We do not depend on overseas development assistance. We do not expect any foreign troops to shed blood on our behalf. That’s why we have national service; that’s why we spend 3 per cent of our GDP on defence.

But we also seek to make common cause, especially with our immediate neighbourhood. Asean remains a key pillar, both in terms of economic opportunity as well as keeping the peace in our neighbourhood. And we will continue to play a constructive, relevant and salient role on the global stage.

The second point is that we have to continue to reinforce and refine the rules-based international order, even though it is no longer underwritten by a single hegemon, or the current set of hegemons have not yet worked out a modus vivendi to protect the global commons.

For Singapore, Europe, South America, Africa and the Middle East, there are still major parts of the world who depend on the rules-based international order, who will depend upon adherence to international law, behaving within global norms and having peaceful resolutions of dispute.
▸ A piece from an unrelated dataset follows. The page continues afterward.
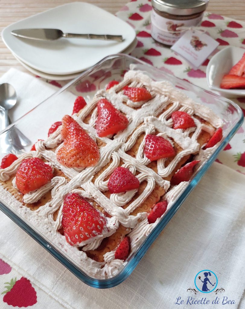 Ich bin ein echter Liebhaber von Tiramisù, deswegen findet ihr auf der Seite auch das Rezept für die Tiramisù-Creme, die super vielseitig ist und für jede Variante geeignet. In diesem Fall wollte ich jedoch auf Eier verzichten, um sie nicht pasteurisieren zu müssen, und ich benutze Oro Saiwa, die ich den klassischen Löffelbiskuits vorziehe. Natürlich hindert euch niemand daran, die klassischen Tiramisù-Kekse für die Zubereitung dieses Erdbeerdesserts zu verwenden.

We need to do all this whilst also dealing with the opportunities from artificial intelligence or AI, biotechnology and energy.

My third point is a bit more inward-facing. I have served three prime ministers. I have been up close for two prime ministerial transitions, from Mr Goh Chok Tong to Mr Lee Hsien Loong, from Mr Lee to Mr Lawrence Wong.

Every time there is a transition, there will be a test. We may not know exactly when or in what form, but there will be a test. And we must expect the new leadership team to be probed, to be pushed, to be assessed.

Does the new leadership team have the spine, the courage and the gumption of the past? Does the new leadership have the support of the people?

In the face of these challenges, the leaders and the people have to rise and answer these fundamental questions. We will have to look out for each other. We will have to maintain unity. We will have to strengthen cohesion. We will have to retool, reskill and reboot our economy, and we will have to continue to make common cause.

I come back to SM Lee’s point on realism and idealism. Singapore will stand on our own two feet. We will defend what is ours. We will take a long-term enlightened view. We will make common cause with partners and supporters, and potentially and hopefully an expanding pool of partners.

If we fail to do this, the alternative is a more chaotic, unsafe world on a global stage, and a divided and polarised domestic body politic. We have witnessed this in other parts of the world. We know what to avoid.

This is an exciting time to be alive.